▸ ACTIVITY
Pictures stay out of the output. Return exactly the lines below from the one with "Valvola a farfalla rivestita azionamento pneumatico Sezione" down to the one with "Sermaye Piyasası Kurulu", both included, and nothing more.
===== EXTRACTED INFORMATION =====
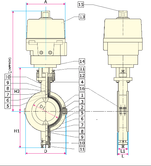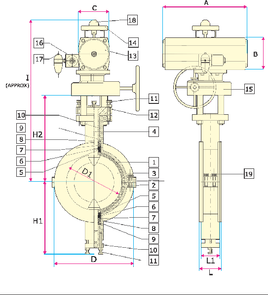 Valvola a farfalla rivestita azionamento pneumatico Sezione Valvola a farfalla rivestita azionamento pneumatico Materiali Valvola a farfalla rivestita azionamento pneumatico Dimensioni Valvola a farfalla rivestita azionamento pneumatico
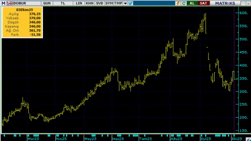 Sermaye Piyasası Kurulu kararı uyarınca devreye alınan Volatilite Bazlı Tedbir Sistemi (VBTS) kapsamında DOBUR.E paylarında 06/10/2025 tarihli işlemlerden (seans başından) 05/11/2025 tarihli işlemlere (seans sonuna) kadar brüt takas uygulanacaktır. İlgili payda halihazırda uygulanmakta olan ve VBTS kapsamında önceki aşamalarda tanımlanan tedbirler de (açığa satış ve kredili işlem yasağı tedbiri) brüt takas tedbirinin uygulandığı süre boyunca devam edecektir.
=====
===== EXTRACTED INFORMATION =====
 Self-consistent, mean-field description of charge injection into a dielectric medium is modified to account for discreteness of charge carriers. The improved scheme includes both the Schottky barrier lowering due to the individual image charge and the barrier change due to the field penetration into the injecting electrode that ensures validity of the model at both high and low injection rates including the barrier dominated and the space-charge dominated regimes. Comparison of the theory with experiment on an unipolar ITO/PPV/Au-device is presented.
=====
▸ RESPONSE AREA
 Valvola a farfalla rivestita azionamento pneumatico Sezione Valvola a farfalla rivestita azionamento pneumatico Materiali Valvola a farfalla rivestita azionamento pneumatico Dimensioni Valvola a farfalla rivestita azionamento pneumatico
 Sermaye Piyasası Kurulu kararı uyarınca devreye alınan Volatilite Bazlı Tedbir Sistemi (VBTS) kapsamında DOBUR.E paylarında 06/10/2025 tarihli işlemlerden (seans başından) 05/11/2025 tarihli işlemlere (seans sonuna) kadar brüt takas uygulanacaktır. İlgili payda halihazırda uygulanmakta olan ve VBTS kapsamında önceki aşamalarda tanımlanan tedbirler de (açığa satış ve kredili işlem yasağı tedbiri) brüt takas tedbirinin uygulandığı süre boyunca devam edecektir.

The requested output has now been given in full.